The Federal Reserve’s lending powers have emerged as a key sticking point in the deal. Several of the central bank’s emergency lending programs are set to expire at the end of the year, with hundreds of billions of dollars in unspent funds being redirected toward a stimulus package.
Republicans are also pushing for legislation that prevents the expiring emergency lending programs, or anything remotely similar to them, from being created in the future. Toomey has said even under the language he is pushing the Fed’s emergency lending powers “remain on the books” and that the door would still be open for Congress to approve entirely different programs “if in the future, some dire emergency occurs.”
That argument was denounced by Democrats, who say the plan slashes the Fed’s broader authority, and undermines the ability of the central bank and incoming Biden administration to fight future crises.

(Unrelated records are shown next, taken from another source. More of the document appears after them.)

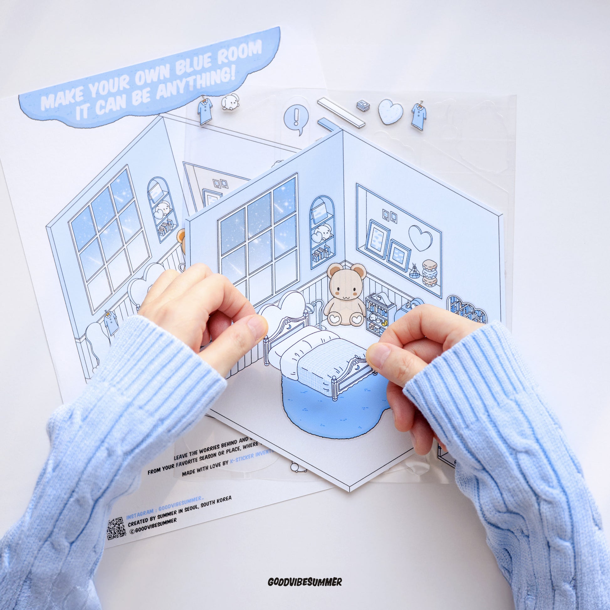 GOODVIBESUMMER シーン ステッカー キットを使用すると、剥がして、貼って、組み立てるだけです。絵の具がこぼれたり、ラメが散らかったりすることなく、あらゆる年齢の空間認識力を高め、想像力を刺激する、スクリーンフリーの純粋な創造性が生まれます。
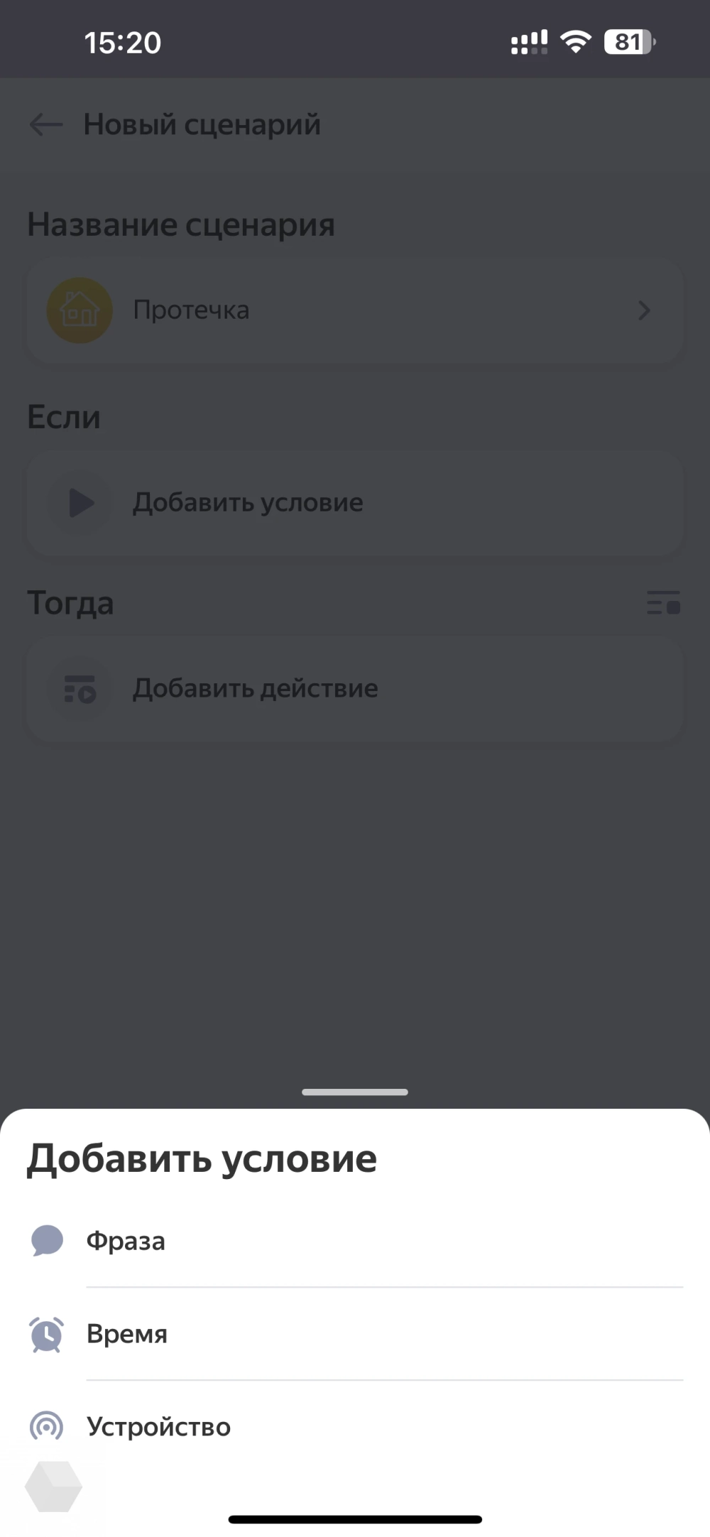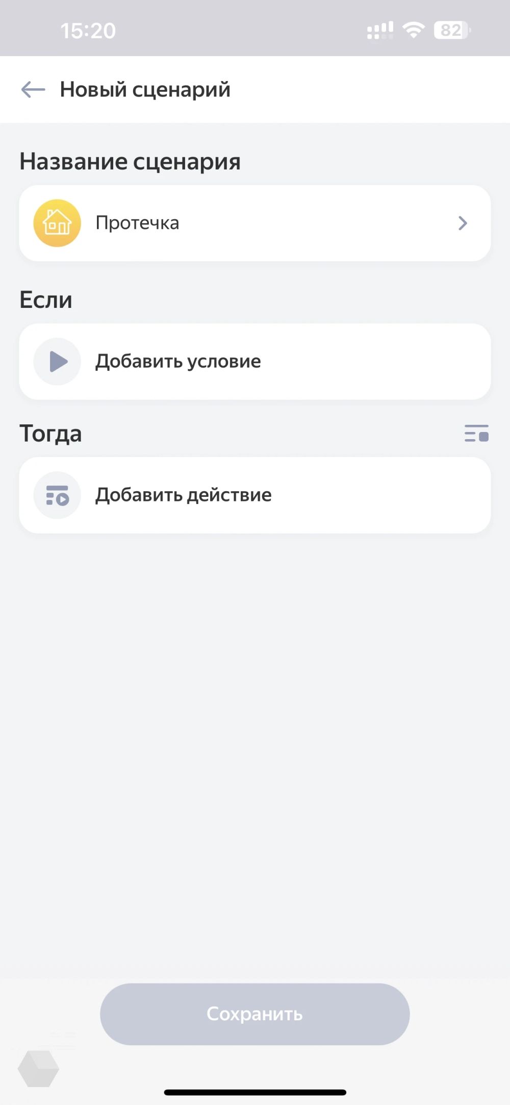 Подытожу про Zigbee. Локальные сценарии можно настроить только между Zigbee-устройствами и без команд, которые бы обращались к интернету. Но без интернета «Алиса» не сможет получить и сообщить никакую информацию с устройств: температуру в доме, статус работы датчика протечки, движения и так далее. Это нужно учитывать.
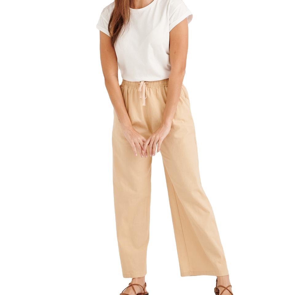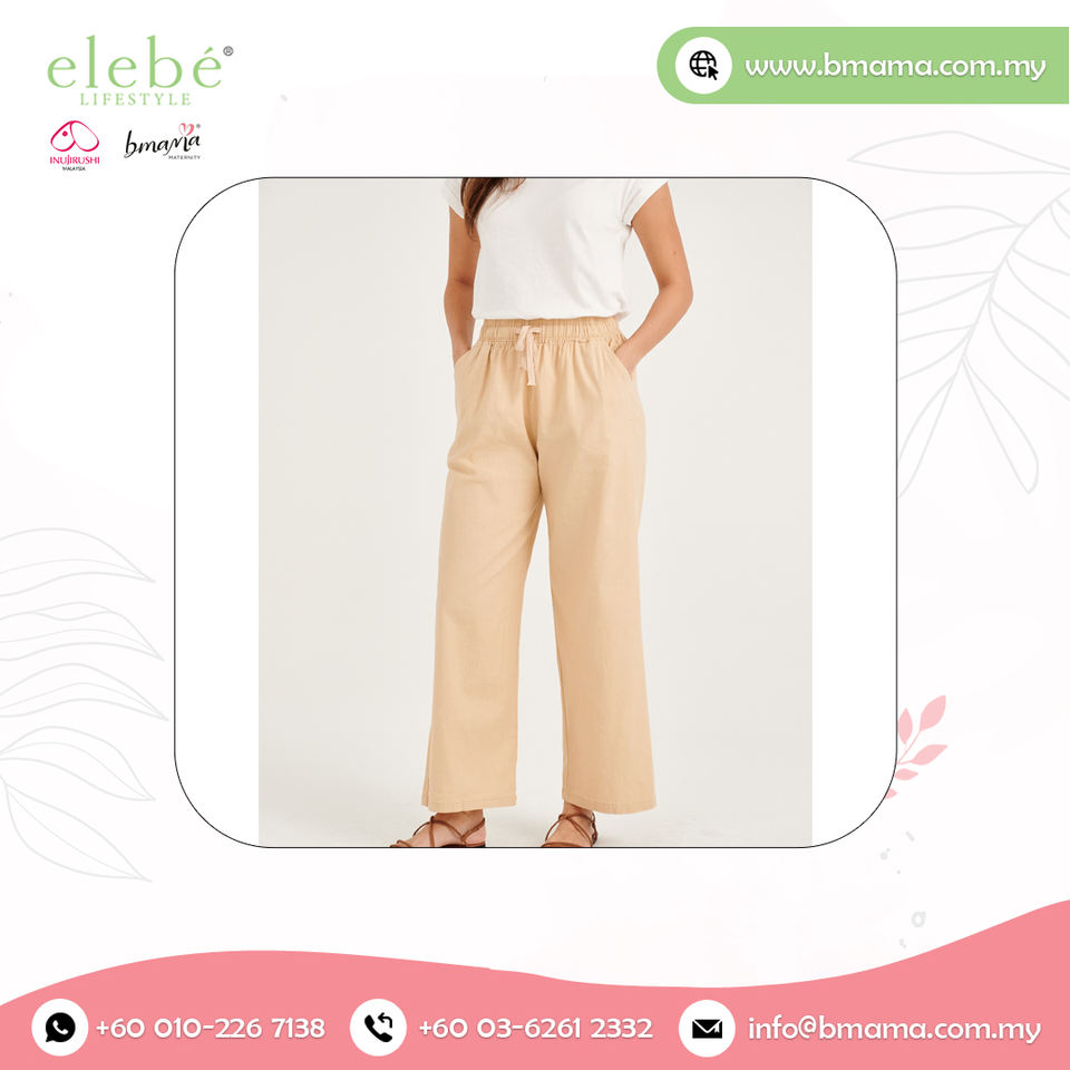 กางเกงผ้าลินินผ้าฝ้ายสีเบจสีนม
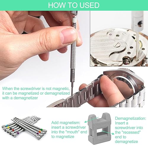 Set di Cacciaviti Precisione Orologioaio 0,6 – 2,0 mm, Cacciavite per Occhiali Orologiaio, Kit Riparazione Orologi, Giraviti Strumenti con Smagnetizzatore, per Riparare Orologi ed Elettronica
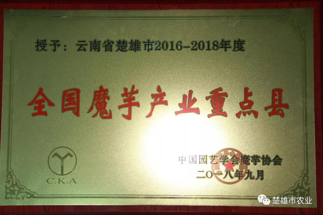 2018年9月17日,在昆明召开的全国魔芋产业发展研讨会上,楚雄市获得“2016—2018年度全国魔芋产业重点县”称号。此次全国仅有10个县(市、区)获此殊荣,分别是云南省富源县、云南省楚雄市、陕西省岚皋县、陕西省安康市汉滨区、陕西省紫阳县、陕西省勉县、湖北省长阳县、湖北省房县、贵州省威宁县和四川省沐川县。
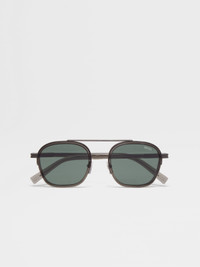 With their hybrid design, the transparent dark grey Orizzonte I acetate and metal sunglasses are an ultra-contemporary choice. INFO A raised bridge borrowed from classic aviators frames the transparent dark grey Orizzonte I acetate and metal sunglasses' rounded lenses. The sunglasses are equipped with adjustable nose pads for a secure fit, featuring the Zegna Logo. The matte frames are embellished with chiseled lines on the temple tips and the matte aniline Zegna 232 Road Brand Mark on the corners. ORIZZONTE (oridˈdzonte) — ITALIAN FOR 'HORIZON' The inspiration for the Orizzonte I Sunglasses was Born in Oasi Zegna — the home of our values in the Italian Alps. Shaped to a contemporary unbridged silhouette, they're accented with our iconic 232 Road Brand Mark and ZEGNA logo, then finessed with a slender brow bar that draws from the panoramic mountain-top views in our 100km² natural territory. PRODUCT CODE EZ0231-5120N MATERIALS AND CARE Acetate; Metal Clean your eyewear using a soft cloth, preferably microfiber, with water or a mild detergent. To avoid scratching the lenses, never use paper towels or clothing to clean your eyewear. Do not use household detergents or soaps to clean your eyewear; these products will damage the lenses over time. FIT AND PRODUCT DETAILS • Lens 51 mm – Bridge 22 mm – Temple 145 mm • Base 2 • Finishing: matte • Suitable for mounting prescription lenses • Single bridge • Acetate end tips and rims • Matte black gold aniline Zegna 232 Road Brand Mark on the temples as a corner detail • Laser-inscribed Zegna Logo on the temples • Adjustable nose pads with bold Zegna Logo • Chiseled lines on the temple tips
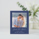 Este simples e minimalista Cartão Salvar a Data contém uma foto quadrada acima das palavras "Salvar a Data" no elegante guião branco, seguido pelos nomes do casal, data do casamento e cidade em sans serif em um fundo azul marinho. Adicione uma mensagem mais detalhada com informações adicionais sobre o inverso, juntamente com um código QR para ajudar seus convidados a visitar seu site de casamento.
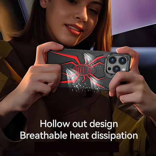 Estuche para iPhone 13 14 15 Pro Max/Pro/Plus, diseño de patrón de araña de metal de aluminio, sin marco, disección térmica, estuche minimalista delgado y liviano con soporte para cámara incorporado, negro/rojo/plateado
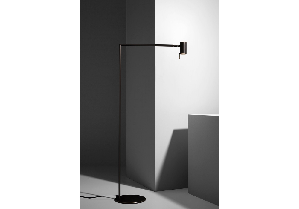 Rectus diseñada por Massimo Tonetto para Venicem es una lámpara de pie con luz direccional, estructura en latón bruñido oscuro y articulación orientable.
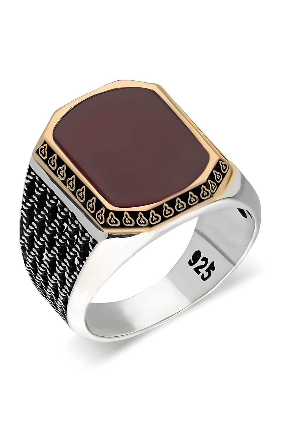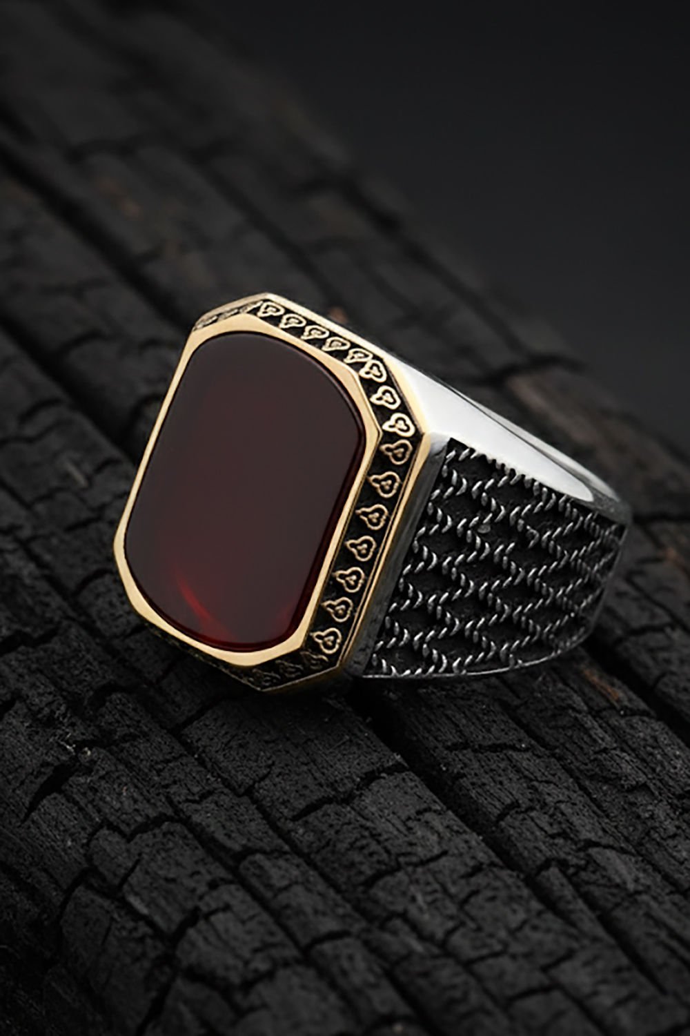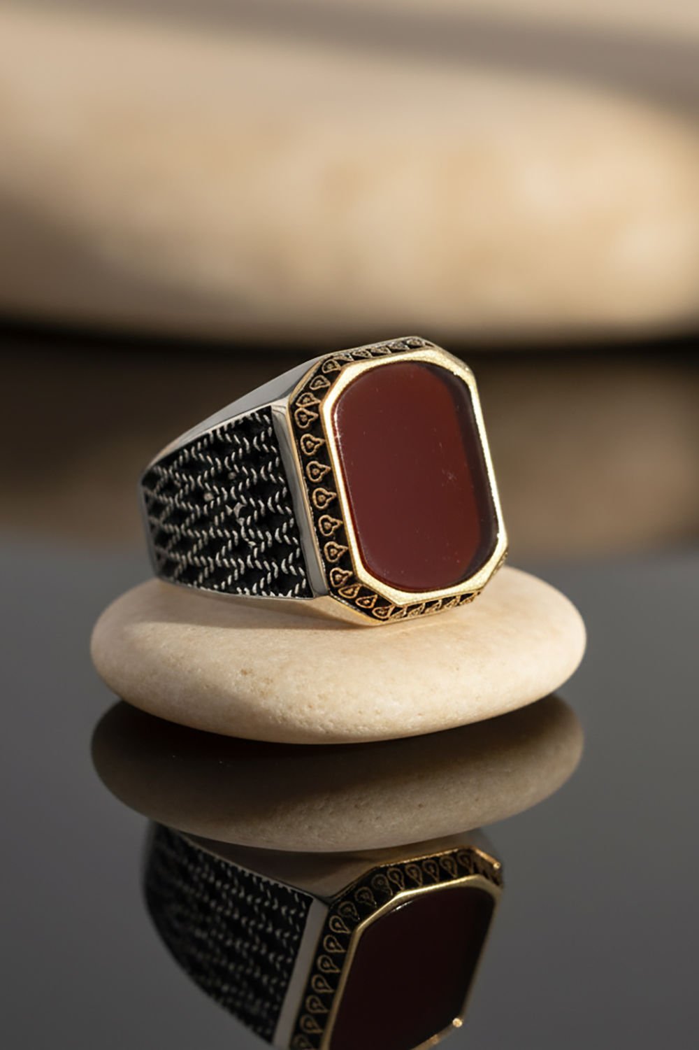 Bu özel erkek yüzüğü, doğal akik taşı ve 925 ayar gümüş ile ustaca işlenmiştir. El işçiliği ve özel tasarımıyla dikkat çekici bir parçadır.

Sen. Brian Schatz, D-Hawaii, on Twitter blasted the move as a last-minute intervention and “the reason we don’t have a deal.”
“These authorities should be maintained to allow for the Federal Reserve to act to prevent hardship to families across the country,” Sen. Michael Bennet, D-Colo., said in a statement. “If ever there is a time to put politics aside and do the right thing, it should be in the middle of a pandemic and corresponding economic crisis.”
Lawmakers are also arguing over how to structure unemployment benefits in the final plan. Republican negotiators are also seeking to include language that would gradually phase out the benefits over time, according to three people granted anonymity to share details of internal negotiations. Democratic lawmakers believe the measure is designed to avert a cliff in which unemployment benefits suddenly expire for millions, which would put pressure on Congress to pass an extension in benefits.